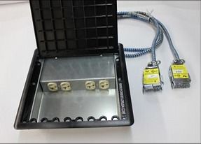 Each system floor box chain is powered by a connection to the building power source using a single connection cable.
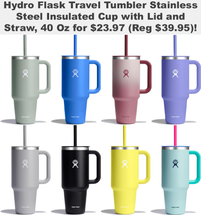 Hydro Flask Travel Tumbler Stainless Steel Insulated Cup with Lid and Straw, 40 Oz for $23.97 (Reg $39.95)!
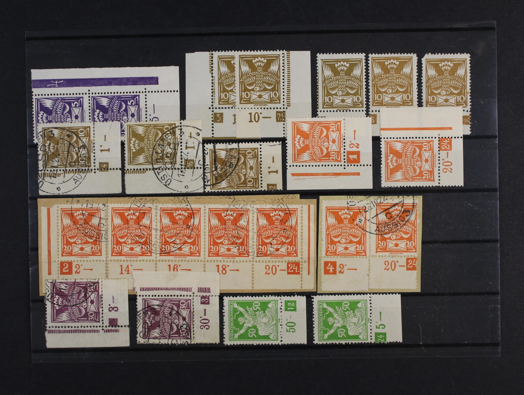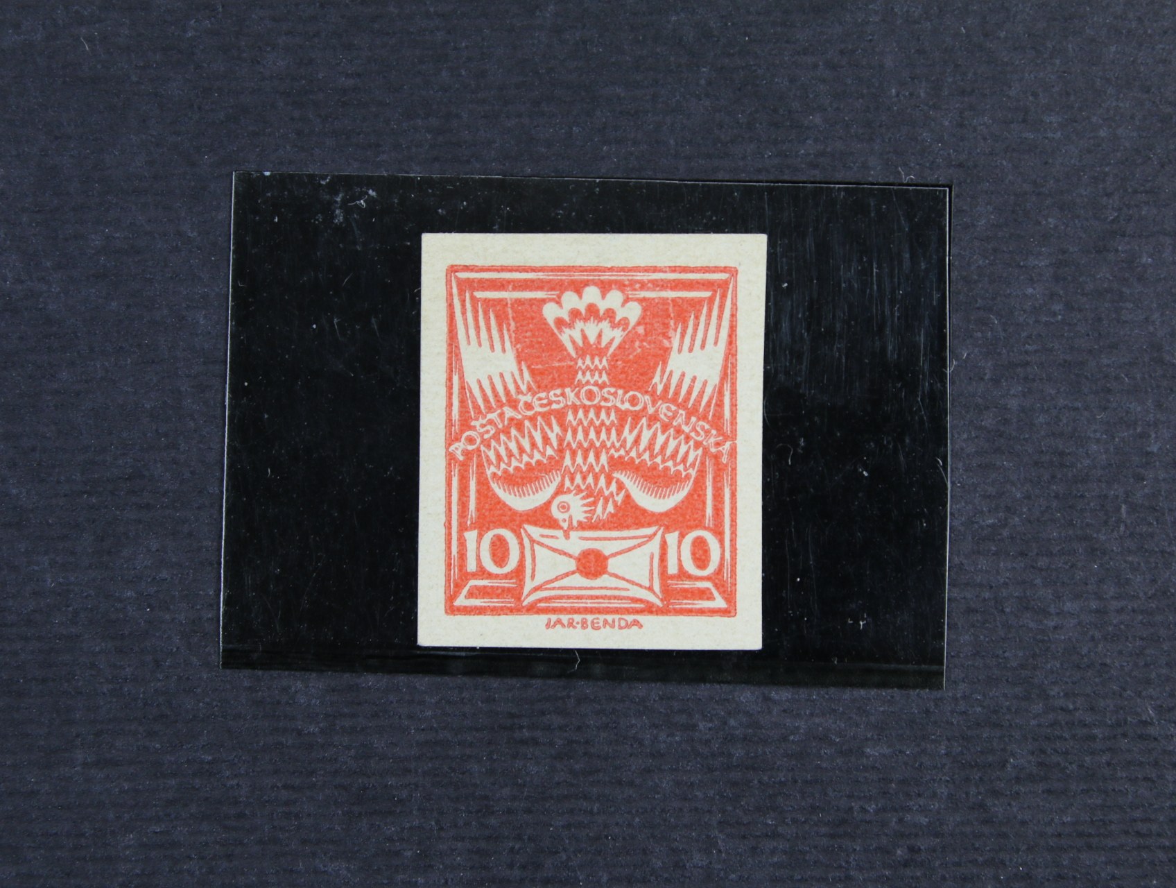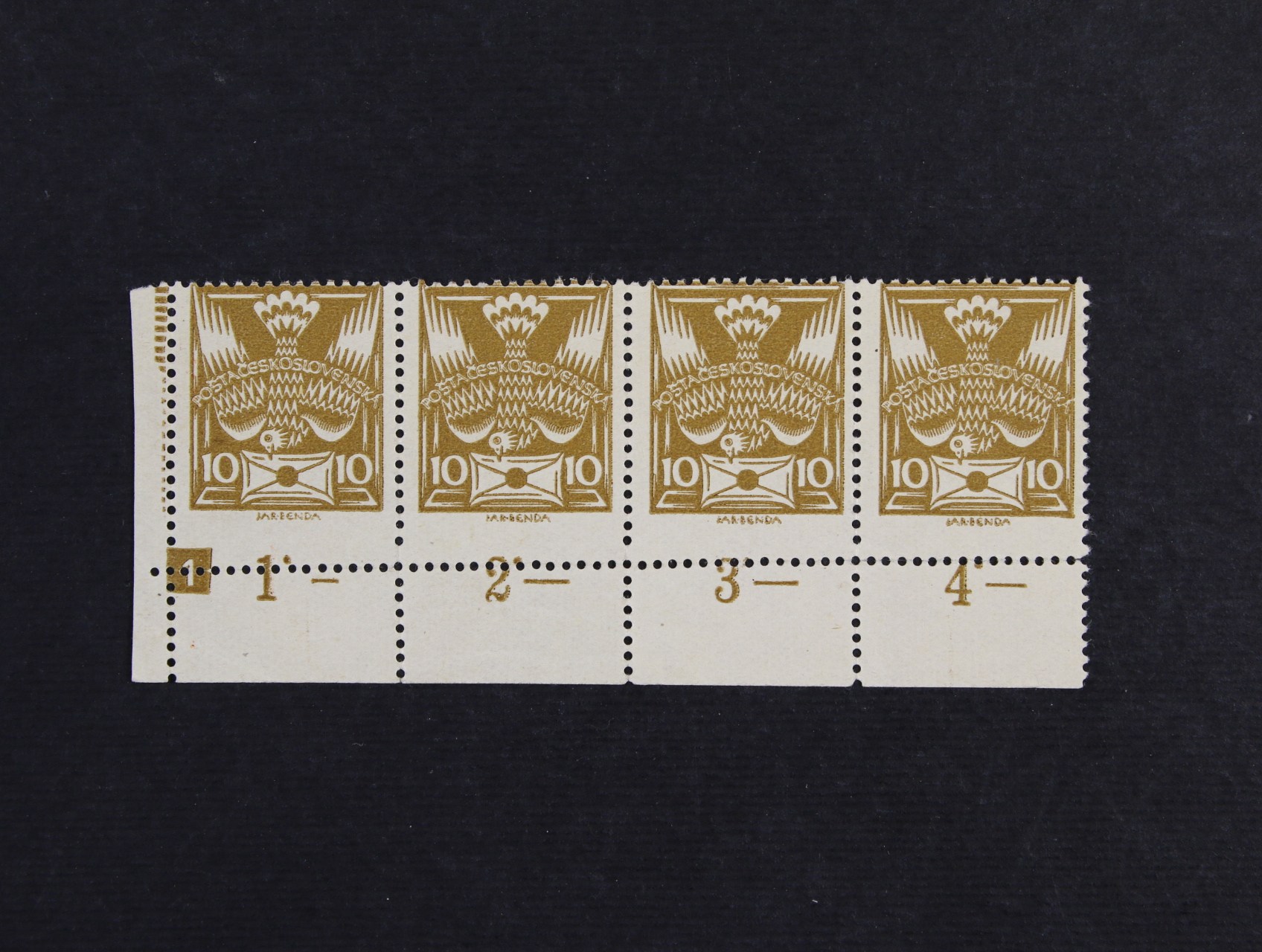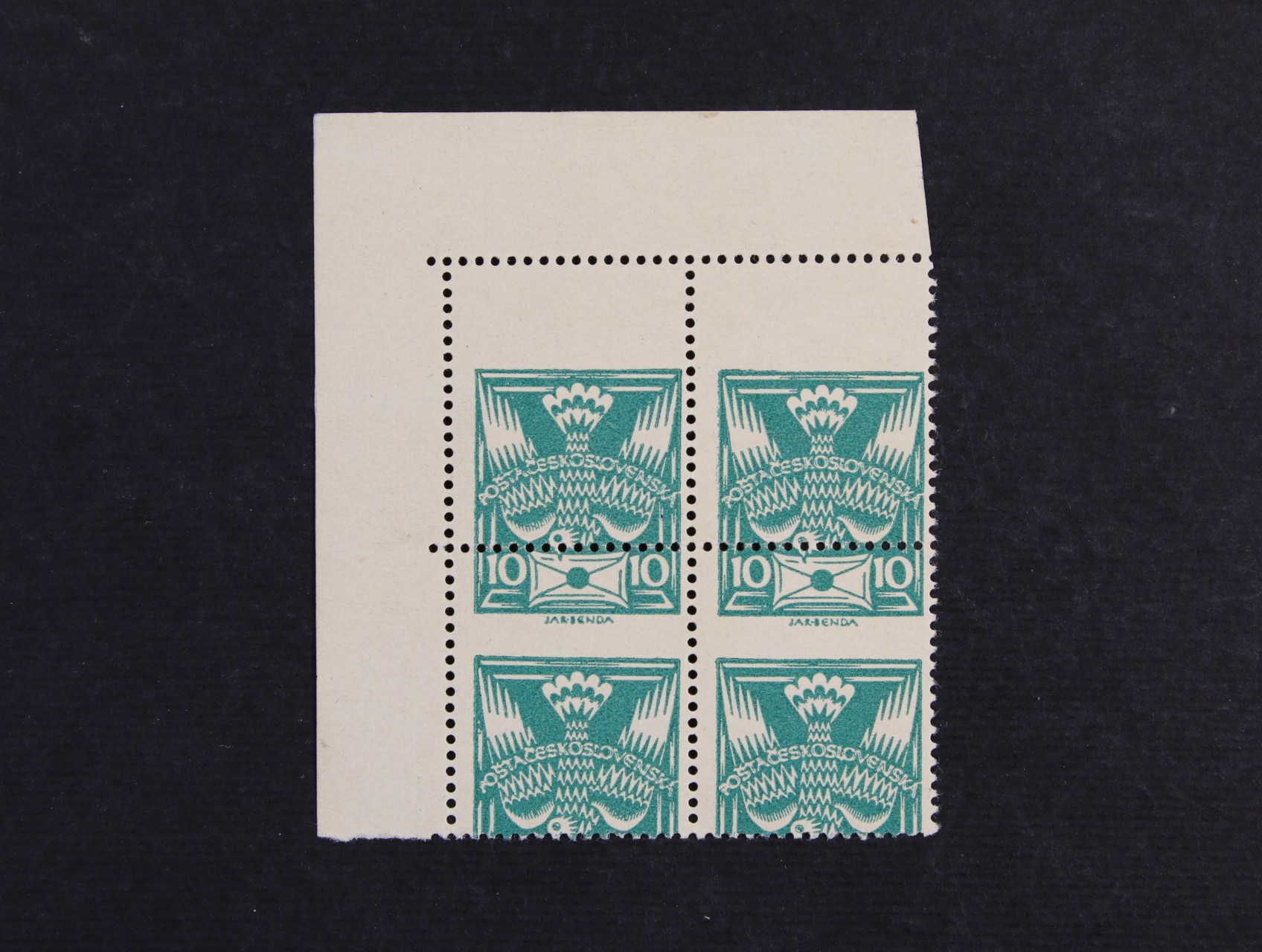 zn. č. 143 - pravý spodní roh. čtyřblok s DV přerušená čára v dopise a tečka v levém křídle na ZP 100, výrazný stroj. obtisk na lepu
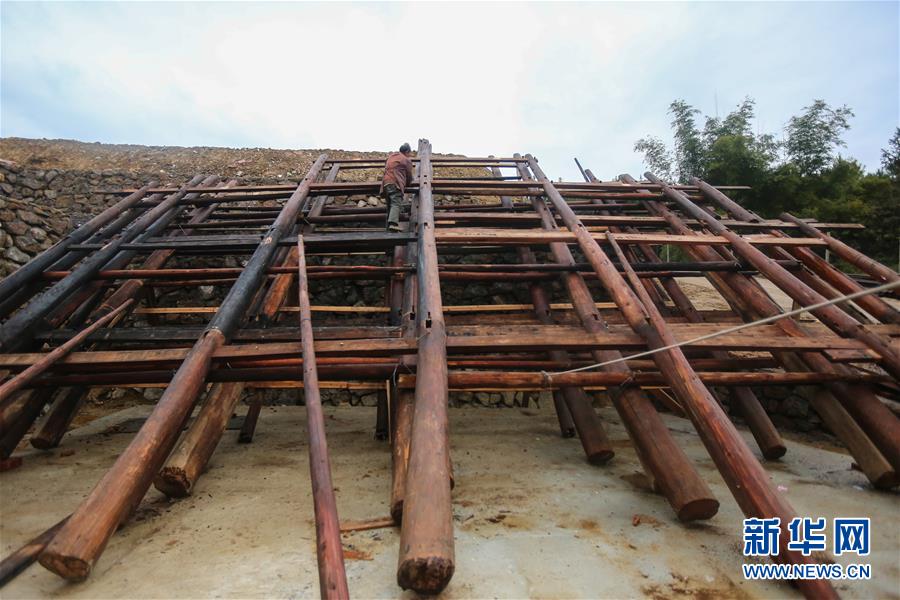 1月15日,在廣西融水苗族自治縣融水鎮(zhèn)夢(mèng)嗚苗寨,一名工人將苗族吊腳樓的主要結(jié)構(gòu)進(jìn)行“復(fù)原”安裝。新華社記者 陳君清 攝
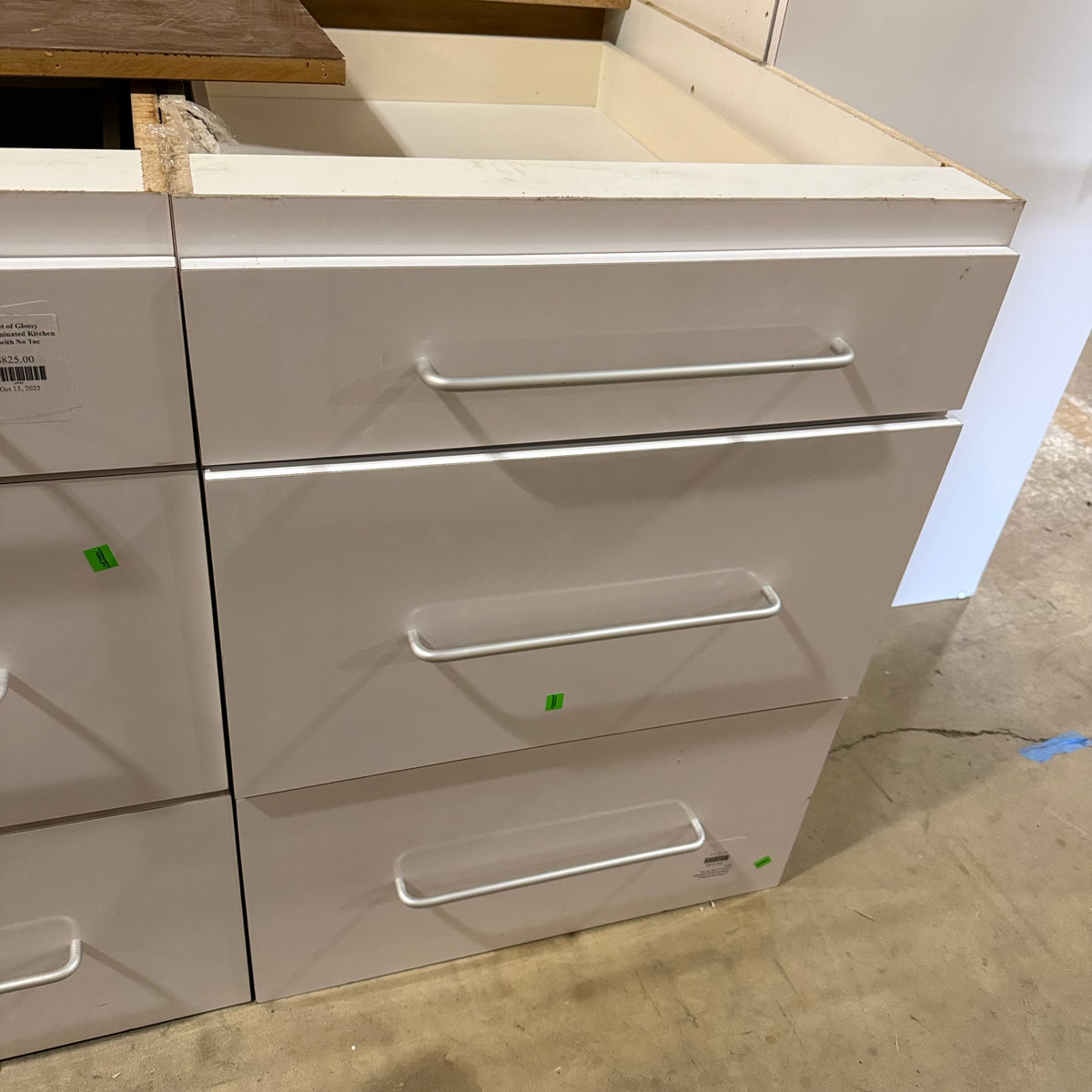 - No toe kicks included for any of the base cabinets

■ ■ ■ ■ ■ ■ ■

## Required action
Would you repeat each line of the listing exactly, skipping any picture?

## Result
 Each system floor box chain is powered by a connection to the building power source using a single connection cable.
 Hydro Flask Travel Tumbler Stainless Steel Insulated Cup with Lid and Straw, 40 Oz for $23.97 (Reg $39.95)!
 zn. č. 143 - pravý spodní roh. čtyřblok s DV přerušená čára v dopise a tečka v levém křídle na ZP 100, výrazný stroj. obtisk na lepu
 1月15日,在廣西融水苗族自治縣融水鎮(zhèn)夢(mèng)嗚苗寨,一名工人將苗族吊腳樓的主要結(jié)構(gòu)進(jìn)行“復(fù)原”安裝。新華社記者 陳君清 攝
 - No toe kicks included for any of the base cabinets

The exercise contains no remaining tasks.